Mark V. Barrow, Jr. is a Professor and Chair of History at Virginia Tech and author of Nature's Ghost: Confronting Extinction from the Age of Jefferson to the Age of Ecology.
Peggy Daisey is a Professor of Teacher Education at Eastern Michigan University in Ypsilanti, Michigan.
Bruce R. Fehn (Ph.D., University of Wisconsin-Madison, American History) is an Associate Professor and Program Coordinator of Social Studies Education at the University of Iowa. Fehn's publications have appeared in the Journal of Women's History, Labor History, Theory and Research in Social Education, and elsewhere. Presently, he is investigating whether and how desktop documentary making provides a medium through which special education students might compose warranted, source-based accounts of past events or developments.

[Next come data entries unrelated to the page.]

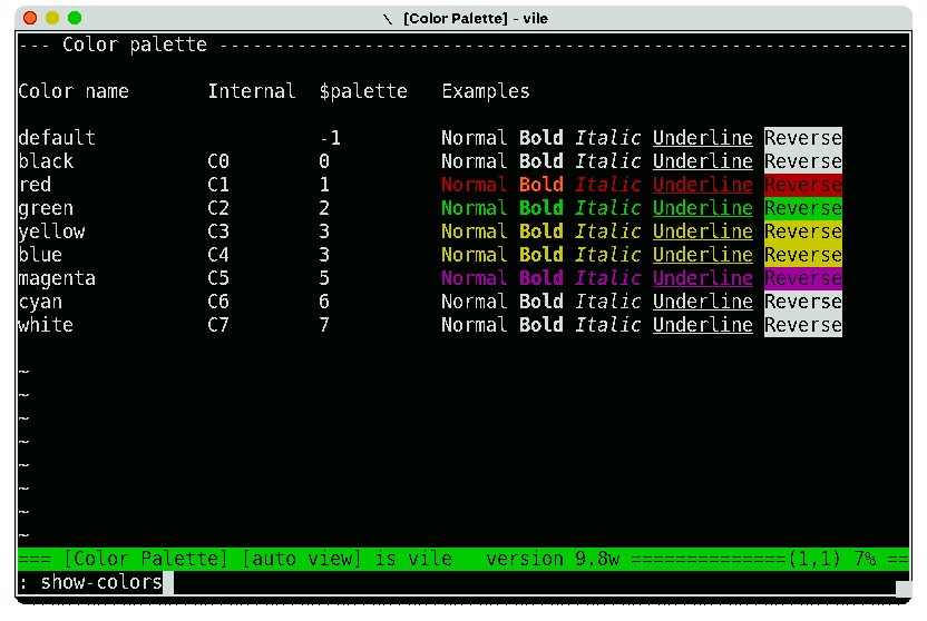 Because vile's keyword syntax highlighter automatically colors the class names with their defined color, it is easy to see the effect of changing a color definition.
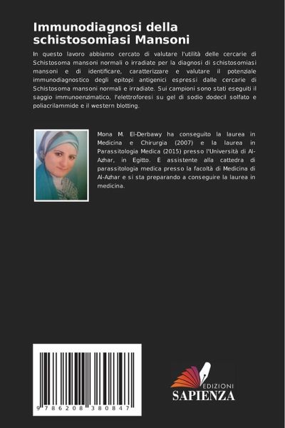 In questo lavoro abbiamo cercato di valutare l'utilità delle cercarie di Schistosoma mansoni normali o irradiate per la diagnosi di schistosomiasi mansoni e di identificare, caratterizzare e valutare il potenziale immunodiagnostico degli epitopi antigenici espressi dalle cercarie di Schistosoma mansoni normali e irradiate. Sui campioni sono stati eseguiti il saggio immunoenzimatico, l'elettroforesi su gel di sodio dodecil solfato e poliacrilammide e il western blotting.
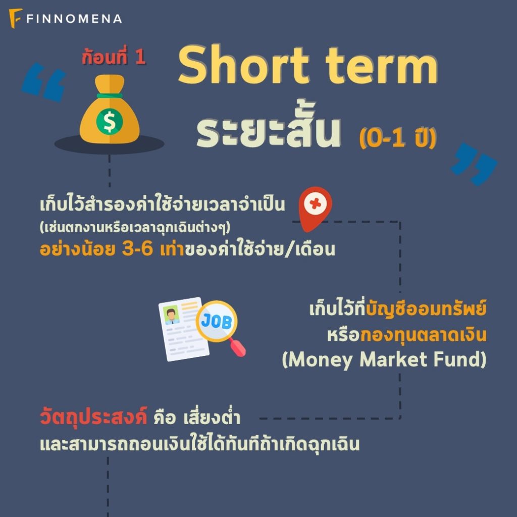 วัตถุประสงค์ คือ เสี่ยงต่ำ และสามารถถอนเงินใช้ได้ทันทีถ้าเกิดฉุกเฉิน ถ้าเริ่มเก็บให้ได้สัก 3 เดือนของรายจ่ายจำเป็น เราจะเริ่มมีความอุ่นใจทางการเงินระดับแรกแล้วนะครับ ใครถึงแล้วผมขอแสดงความยินดีด้วยนะครับ
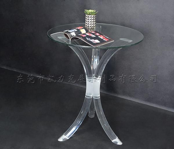 這款有機(jī)玻璃桌子是采用三條透明的棒熱彎成弧形作為支架,然后再加一塊圓形的玻璃桌面組合而成,亞克力材料質(zhì)輕、透明度高、易加工,玻璃材質(zhì)耐刮花,這兩個(gè)材料結(jié)合,讓這個(gè)有機(jī)玻璃桌子,造型簡約時(shí)尚,耐用。
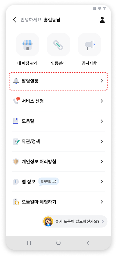 오늘알마 앱 푸시 알림 설정에 대해 안내해드립니다.
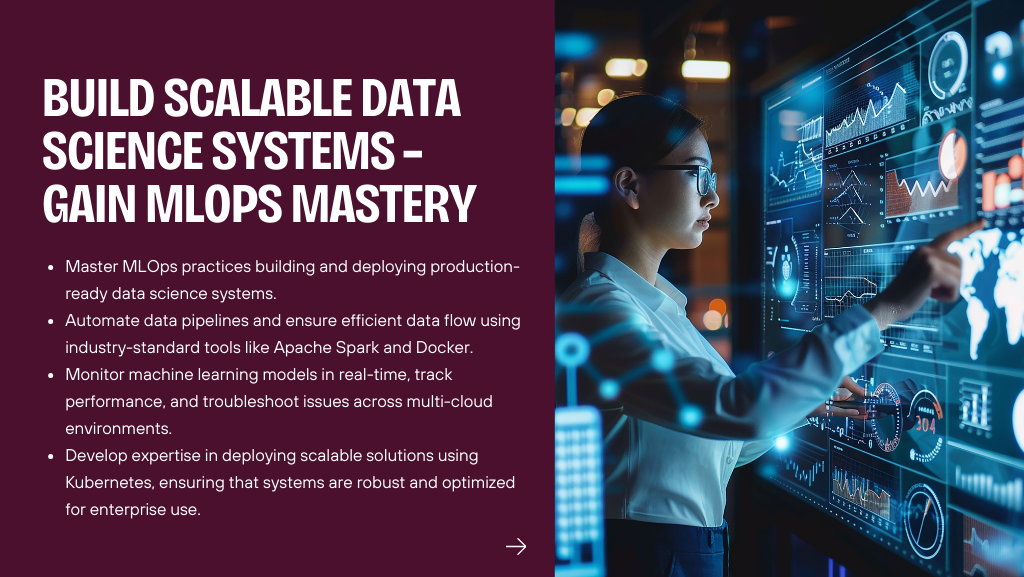 While many programs teach only ML algorithms, this course uniquely integrates end-to-end MLOps training, focusing on deployment, automation, monitoring, and governance. You learn not only how to build models but also how to push them into production, aligning with the industry’s shift toward data science and MLOps combined roles.
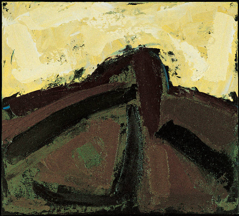 - NOTIZIE STORICO CRITICHE La serie Estate del 1981 (18 dipinti eseguiti dal 14 luglio al 10 settembre) è certamente una delle più ricche. In realtà, a una più attenta analisi, emergono delle sottoserie e anche alcuni esemplari irriducibili a una tipologia generale. La sottoserie più ricca si inizia con i numeri 3 e 4 e culmina con il 13 e 14. In tutte è evidente la struttura del Campo G., ben identificata dal contorno angolare del fosso. Soprattutto notevole è la massa del cespuglio sulla destra la cui posizione e forma variano notevolmente da un dipinto all'altro fino ad assumere un rilievo particolare nel 13 e 14, due opere quasi sovrapponibili per impianto compositivo ma assolutamente in antitesi sotto il profilo cromatico. Qui la massa del cespuglio subisce una spinta verso l'alto che va a incurvare l'orizzonte, con una tensione organica che fa pensare alla testa di taluni crocefissi o a certe vedute monumentali degli anni '50 (Basilica marciana, Acropoli di Atene, Basilica assisiate, ecc.).
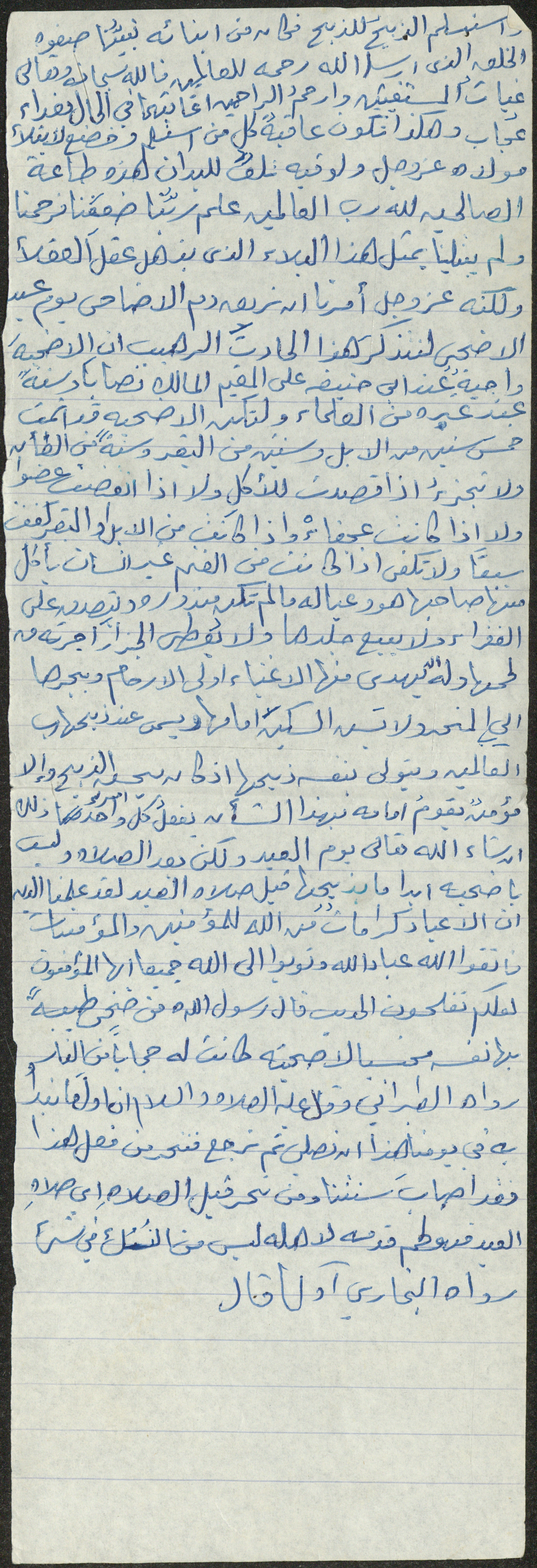 نص خطبة صلاة جمعة للشيخ سعادة حسن ذيب المراشدة، إمام وخطيب مسجد في قرية عقربا ما بين عامي 1962 و2002، أكد خلالها على ثواب أداء فريضة الحج وشروطها.

Kathleen W. Jones is an Associate Professor of History at Virginia Tech and author of Taming the Troublesome Child: American Families, Child Guidance, and the Limits of Psychiatric Authority.
Kathryn Jones is a Teacher of Social Studies at Huron High School in Ann Arbor, Michigan.
D. M. Leeson is an Assistant Professor of Modern European History at Laurentian University in Sudbury, Ontario, Canada. His first book, The Black and Tans: British Police and Auxiliaries in the Irish War of Independence, 1920-1, was published by Oxford University Press in 2011.
Troy R. E. Paddock (Ph.D., University of California at Berkeley) is a Professor of EuropeanHistory at Southern Connecticut State University. He has taught courses in Western Civilization, nineteenth- and twentieth-century Europe, and historical methodology. He has published on propaganda and the First World War.
Gabe Schroeder is a student at St. Joseph High School in Natrona Heights, Pennsylvania, and placed first in the Senior Division of the 2011 National History Day Historical Paper Competition.
James E. Schul (Ph.D., University of Iowa, Social Studies Education) is an Assistant Professor of Education at Ohio Northern University. Schul has published articles in The International Journal of Technology in Teaching and Learning, THEN, The Social Studies, and elsewhere. He is currently studying how and why desktop documentary making is employed by history teachers in a general education setting.
Catherine K. Shortell earned her B.S. in History and Secondary Education in 2009 at Southern Connecticut State University, where she completed her honors thesis in modern German History under the advisement of Dr. Troy Paddock. Currently, she teaches Contemporary Global Issues and Technology in Wallingford Adult Education's High School Credit Diploma program, and she is designing the curricula for Twentieth-Century Global History and History of Technology.
Robert P. Stephens is an Associate Professor of History at Virginia Tech and author of Germans on Drugs: The Complications of Modernization in Hamburg.